▸ **WORK TO COMPLETE**: Having found the line containing "El Feldherr MINI" in the data below, reproduce that line and each one after it to the end, exactly, and include nothing else.

★ ★ ★

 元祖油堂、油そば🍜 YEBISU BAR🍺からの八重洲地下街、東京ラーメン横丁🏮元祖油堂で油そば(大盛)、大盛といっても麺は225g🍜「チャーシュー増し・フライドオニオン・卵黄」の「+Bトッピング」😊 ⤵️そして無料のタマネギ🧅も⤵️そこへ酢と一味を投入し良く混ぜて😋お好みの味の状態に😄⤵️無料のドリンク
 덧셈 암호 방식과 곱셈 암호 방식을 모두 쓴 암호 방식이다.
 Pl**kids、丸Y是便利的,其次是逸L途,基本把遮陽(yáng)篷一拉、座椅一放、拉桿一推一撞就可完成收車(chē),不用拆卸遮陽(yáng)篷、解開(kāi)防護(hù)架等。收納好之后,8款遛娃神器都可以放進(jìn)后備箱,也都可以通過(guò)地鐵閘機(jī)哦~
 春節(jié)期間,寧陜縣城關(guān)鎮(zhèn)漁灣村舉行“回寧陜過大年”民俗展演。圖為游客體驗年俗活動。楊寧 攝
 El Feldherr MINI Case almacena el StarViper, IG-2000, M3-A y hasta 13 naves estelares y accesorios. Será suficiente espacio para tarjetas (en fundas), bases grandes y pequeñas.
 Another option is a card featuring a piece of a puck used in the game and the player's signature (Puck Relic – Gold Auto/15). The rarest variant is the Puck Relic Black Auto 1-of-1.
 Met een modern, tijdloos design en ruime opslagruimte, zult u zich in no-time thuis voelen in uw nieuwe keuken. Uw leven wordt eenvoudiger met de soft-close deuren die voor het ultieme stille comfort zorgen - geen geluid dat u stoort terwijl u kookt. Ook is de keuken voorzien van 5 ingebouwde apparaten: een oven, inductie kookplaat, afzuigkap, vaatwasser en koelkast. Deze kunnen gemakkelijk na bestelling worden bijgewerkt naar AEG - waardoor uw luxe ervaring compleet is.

★ ★ ★

▸ **RESULT**:
 El Feldherr MINI Case almacena el StarViper, IG-2000, M3-A y hasta 13 naves estelares y accesorios. Será suficiente espacio para tarjetas (en fundas), bases grandes y pequeñas.
 Another option is a card featuring a piece of a puck used in the game and the player's signature (Puck Relic – Gold Auto/15). The rarest variant is the Puck Relic Black Auto 1-of-1.
 Met een modern, tijdloos design en ruime opslagruimte, zult u zich in no-time thuis voelen in uw nieuwe keuken. Uw leven wordt eenvoudiger met de soft-close deuren die voor het ultieme stille comfort zorgen - geen geluid dat u stoort terwijl u kookt. Ook is de keuken voorzien van 5 ingebouwde apparaten: een oven, inductie kookplaat, afzuigkap, vaatwasser en koelkast. Deze kunnen gemakkelijk na bestelling worden bijgewerkt naar AEG - waardoor uw luxe ervaring compleet is.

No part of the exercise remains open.